## ABOUT THIS EXERCISE
Please print, exactly, only the lines in the entries below from the line that has "CrimeCon 2019 New Orleans, Hilton Riverside" through the line that has "Monomeath Avenue, a". Pictures don't go in.

## SUPPLIED INFORMATION
▼

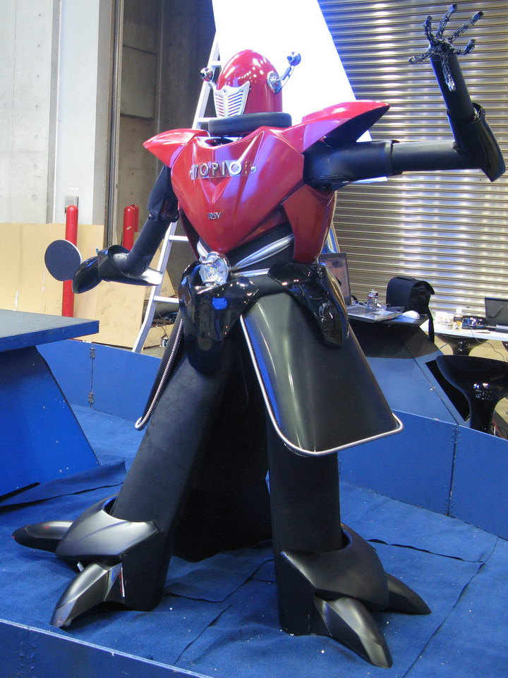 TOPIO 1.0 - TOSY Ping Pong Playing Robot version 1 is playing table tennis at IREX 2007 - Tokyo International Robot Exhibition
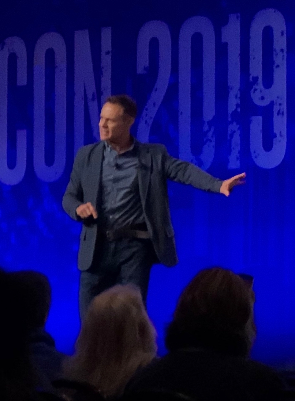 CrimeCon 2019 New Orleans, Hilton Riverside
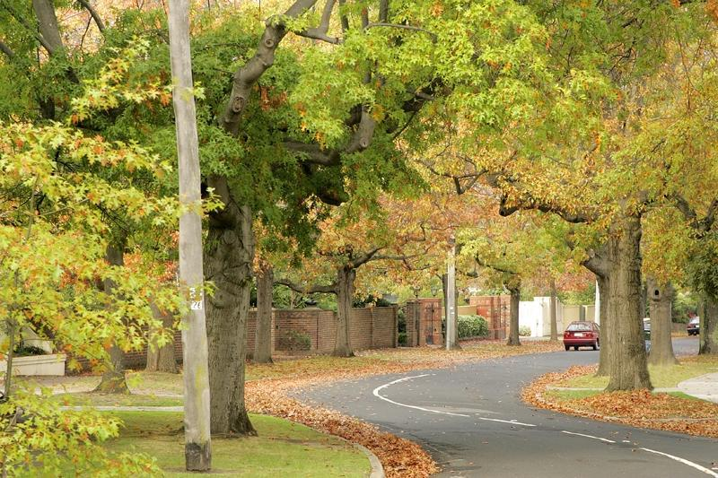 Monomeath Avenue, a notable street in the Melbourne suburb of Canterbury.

▲
▼

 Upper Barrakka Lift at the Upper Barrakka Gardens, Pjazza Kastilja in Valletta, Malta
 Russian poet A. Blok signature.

▲

## RESPONSE
 CrimeCon 2019 New Orleans, Hilton Riverside
 Monomeath Avenue, a notable street in the Melbourne suburb of Canterbury.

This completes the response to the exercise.